Sepakbola

AC Milan Ditahan Imbang Genoa, Allegri Soroti Kurangnya Kesabaran Pemain

Advertisement

San Siro, Italia – AC Milan harus puas berbagi angka satu poin setelah ditahan imbang 1-1 oleh Genoa dalam lanjutan Liga Italia di Stadion San Siro, Jumat (09/01/2026). Pelatih Massimiliano Allegri menyoroti kurangnya kesabaran para pemainnya dalam membangun serangan sebagai penyebab terbuangnya banyak peluang emas.

Jalannya Pertandingan yang Mengecewakan

Pertandingan yang seharusnya menjadi momentum kebangkitan bagi Rossoneri justru berjalan alot. Genoa berhasil unggul lebih dulu melalui gol Lorenzo Colombo. AC Milan baru bisa menyamakan kedudukan di menit akhir pertandingan melalui gol krusial Rafael Leao di menit 90+2, menyelamatkan timnya dari kekalahan di kandang sendiri.

Momen menegangkan terjadi sesaat sebelum peluit panjang dibunyikan. Genoa mendapatkan hadiah penalti yang berpotensi menjadi gol kemenangan. Namun, eksekusi penalti Nicolae Stanciu hanya membentur tiang gawang, mengakhiri laga dengan skor imbang.

Dominasi Tanpa Hasil

Meskipun hanya meraih hasil imbang, AC Milan tampil dominan sepanjang pertandingan.
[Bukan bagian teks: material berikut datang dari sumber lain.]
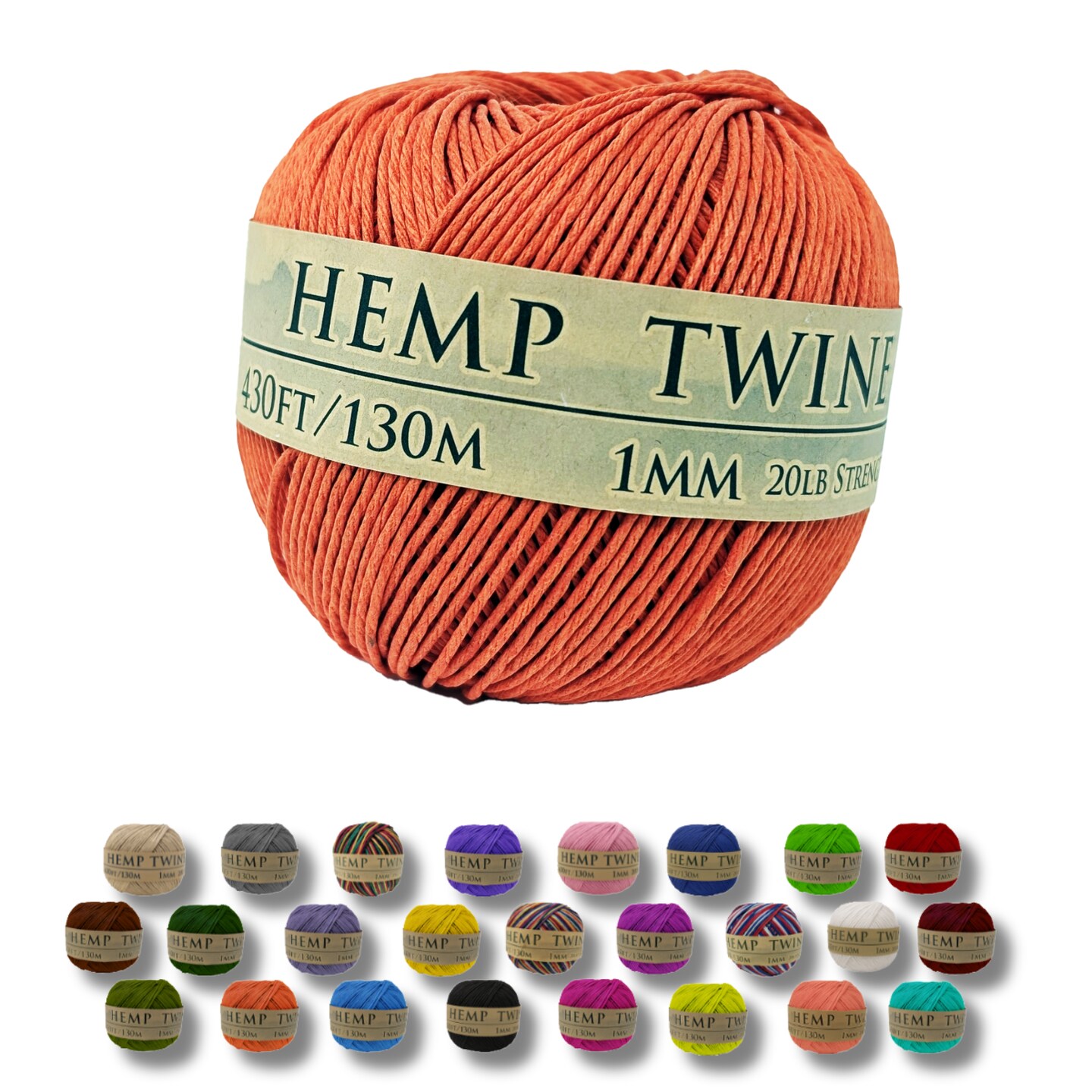 Hemptopia, Hemp Twine Ball, 430ft, 20lb test strength, Multiple colors, All Natural
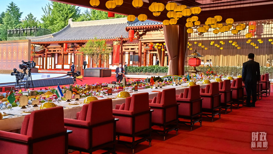5月17日下午至18日晚间,习近平主席分别同中亚五国元首会谈,并在西安大唐芙蓉园为远道而来的贵宾举行了独具特色的欢迎仪式和欢迎宴会。
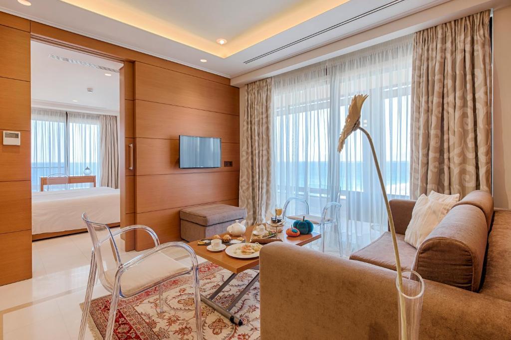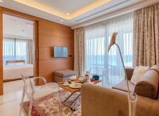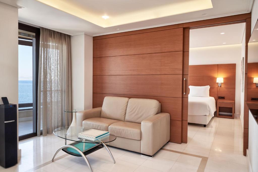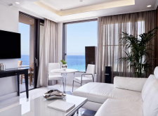Suite One Bedroom (62 кв.м.; макс. 3 чел) Люкс с кондиционером, гидромассажным душем и балконом с видом на Эгейское море. Номер состоит из гостиного уголка с телевизором с плоским экраном - мини-кухней с кофемашиной Nespresso, керамической плитой.

Penguasaan bola tim tuan rumah mencapai 57 persen, berbanding 43 persen milik Genoa. Milan juga tercatat melepaskan 28 tembakan, dengan tujuh di antaranya mengarah tepat ke gawang. Namun, efektivitas penyelesaian akhir menjadi masalah utama, hanya satu gol yang mampu diciptakan.

Hasil imbang ini membuat AC Milan tertahan di peringkat kedua klasemen sementara dengan 39 poin, tertinggal tiga angka dari pemuncak klasemen Inter Milan. Sementara itu, Genoa masih berada di zona degradasi, menempati urutan ke-17 dengan 16 poin.

Advertisement

Evaluasi Pelatih

Massimiliano Allegri mengungkapkan kekecewaannya atas hasil tersebut. Ia menilai anak asuhnya bermain terlalu terburu-buru dalam menyerang, sehingga banyak peluang yang terbuang sia-sia. Allegri menekankan pentingnya kesabaran saat menghadapi tim yang bermain rapat seperti Genoa.

“Dalam sepak bola, Anda menerima apa pun hasil yang diberikan,” ujar Allegri dikutip dari Football Italia. “Kita harus mengambil hal-hal positif dari pertandingan ini. Mereka sangat bagus dalam menghentikan kami. Kami berada di posisi yang menguntungkan meskipun babak pertama sangat sulit, tetapi kemudian kebobolan gol itu.”

Allegri menambahkan, “Intensitas mereka menurun di babak kedua, dan kami meningkat. Hal yang harus kami tingkatkan adalah kesabaran kami melawan tim-tim yang bermain bertahan rapat sehingga kami tidak membiarkan diri kami terekspos pada serangan balik, yang berisiko kekalahan dalam pertandingan ini.”

Ia menegaskan bahwa pertandingan ini menjadi pelajaran berharga mengenai kedewasaan tim jika ingin mencapai target finis di empat besar. “Ini adalah pelajaran tentang kedewasaan jika kita ingin mencapai tujuan kita, yaitu finis di empat besar. Kita harus meningkatkan diri. Kami kurang sabar, kami terlalu terburu-buru dan terburu-buru tidak akan membawa ke mana-mana,” pungkasnya.